Soweit der Beklagte zu 2) im ersten Rechtszug gemeint hat, er könne dem Anspruch der Klägerin aus Kreditvertrag einen Anspruch aus culpa in contrahendo entgegensetzen, weil er über die Chancen und Risiken der streitgegenständlichen Geldanlage unzureichend aufgeklärt worden sei, ist sein Vorbringen unsubstantiiert, zumal der Beklagte zu 2) selbst als Anlageberater bei der P. GmbH tätig und auch mit dem vertrieb der von den Beklagten selbst erworbenen Fonds-Anteile befasst war. Davon abgesehen scheitert ein Anspruch des Beklagten zu 2) aus culpa in contrahendo auch daran, dass der Beklagte zu 2) den für einen Schadensersatzanspruch erforderlichen Schaden nicht dargelegt hat.

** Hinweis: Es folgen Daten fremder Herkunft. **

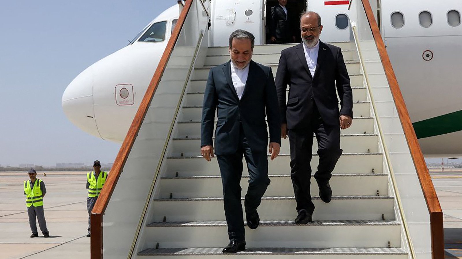 This handout picture provided by the Iranian Foreign Ministry on May 11, 2025, shows Iran’s Foreign Minister Abbas Araghchi (L) descending the stairs of an aircraft upon his arrival in Muscat.

Dass die Geldanlage nicht werthaltig gewesen sei, behauptet er selbst nicht; sein Vorbringen, er wisse darüber nichts (Bl. 111 d.A.), reicht zur Darlegung eines Schadens nicht.

Die Kostenentscheidung folgt aus § 91 ZPO i.V.m. § 97 Abs. 2 ZPO; die Klägerin wäre im Stande gewesen, die für die Begründetheit ihrer Klage erforderliche Annahme des Reuhandvertrages durch Dr. H. bereits im ersten Rechtszug nachzuweisen, und hat deshalb die Kosten des Rechtsmittelverfahrens zu tragen.

Die Entscheidung über die vorläufige Vollstreckbarkeit folgt aus §§ 708 Nr. 10, 711 ZPO.

Die Beschwer der Beklagten wurde gemäß § 546 Abs. 2 ZPO festgesetzt.

Die Revision wurde zugelassen, weil die Rechtsfrage, ob eine notariell beurkundete Kreditvollmacht die Pflichtangaben nach § 4 Abs. 1 Satz 4 Ziffer 1 Verbraucherkreditgesetz enthalten muss, grundsätzliche Bedeutung hat und ­ soweit der Senat sieht ­ höchstrichterlich bislang nicht entschieden ist (§ 546 Abs. 1 ZPO).